Pork and coconut curry noodle soup
- October 2021
- Serves 4
- Hands-on time 30 min, plus resting
Simmer noodles in a creamy coconut curry broth, then top with slices of roast pork tenderloin, coriander and crispy onions. Irresistible.
If you love a noodle broth, check out our Thai chicken coconut noodles, too.
- Dairy-free recipes
- 27.5g (16.7g saturated)
- 42.2g (4.8g sugars)
- 1 outdoor-reared pork tenderloin fillet (roughly 450g)
- 5 tsp vegetable oil
- 5 tsp curry powder (mild or medium depending on your taste)
- 200g dried egg noodles
- 1-2 red chillies, thinly sliced (remove the seeds if you prefer a milder heat)
- 2 lemongrass stalks, bashed, then finely chopped
- 400g tin full-fat coconut milk
- 300g green beans, roughly chopped
- 2-3 tsp Worcestershire sauce
- Grated zest and juice 1 lime, plus extra lime wedges to serve
- Coriander, extra chilli and ready-made crispy onions to serve (optional)
You’ll also need
- Baking tray lined with foil
- Heat the oven to 200ºC fan/gas 7. Rub the pork with 2 tsp oil, 2 tsp curry powder and a pinch of salt.
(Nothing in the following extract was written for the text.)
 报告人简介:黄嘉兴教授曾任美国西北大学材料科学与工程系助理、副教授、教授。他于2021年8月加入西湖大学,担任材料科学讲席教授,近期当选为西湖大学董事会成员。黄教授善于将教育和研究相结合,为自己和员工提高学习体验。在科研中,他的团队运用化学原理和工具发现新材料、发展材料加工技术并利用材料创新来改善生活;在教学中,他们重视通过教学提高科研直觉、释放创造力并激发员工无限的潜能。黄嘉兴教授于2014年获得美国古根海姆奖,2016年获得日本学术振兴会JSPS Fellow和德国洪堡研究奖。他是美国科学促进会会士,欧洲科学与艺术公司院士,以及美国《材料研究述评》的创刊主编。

Put the pork on the prepared tray and roast for 15-20 minutes until cooked through. Rest for 10 minutes, then slice.
- Cook the noodles according to the pack instructions. Drain and rinse under cold water and set aside.
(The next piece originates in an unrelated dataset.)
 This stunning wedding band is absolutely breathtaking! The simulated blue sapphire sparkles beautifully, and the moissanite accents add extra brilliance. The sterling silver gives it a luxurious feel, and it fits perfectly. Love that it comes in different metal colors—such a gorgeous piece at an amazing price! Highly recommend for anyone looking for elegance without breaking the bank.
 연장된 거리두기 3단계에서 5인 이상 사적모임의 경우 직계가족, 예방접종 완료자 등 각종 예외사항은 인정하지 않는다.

- Heat the remaining oil in a large saucepan over a medium heat. Fry half the chillies for 1-2 minutes, stirring now and again, until lightly golden. Add the lemongrass and remaining curry powder, mix well and cook for 1 minute more.
- Add 250ml water and the coconut milk, bring to the boil for 1 minute, then lower the heat. Simmer for 10 minutes. Add the beans and Worcestershire sauce to taste, then cook for another 4-5 minutes. Add the noodles to heat through, then the lime zest and juice and more Worcestershire sauce to taste. Serve the soup topped with pork, with lime wedges, plus extra chilli and crispy onions, if you like.
Curry powder comes in a range of heats and has many uses – here
it enlivens a broth.
Worcestershire sauce contains tamarind, molasses and garlic, which give a depth of flavour that’s perfect for soups like this one.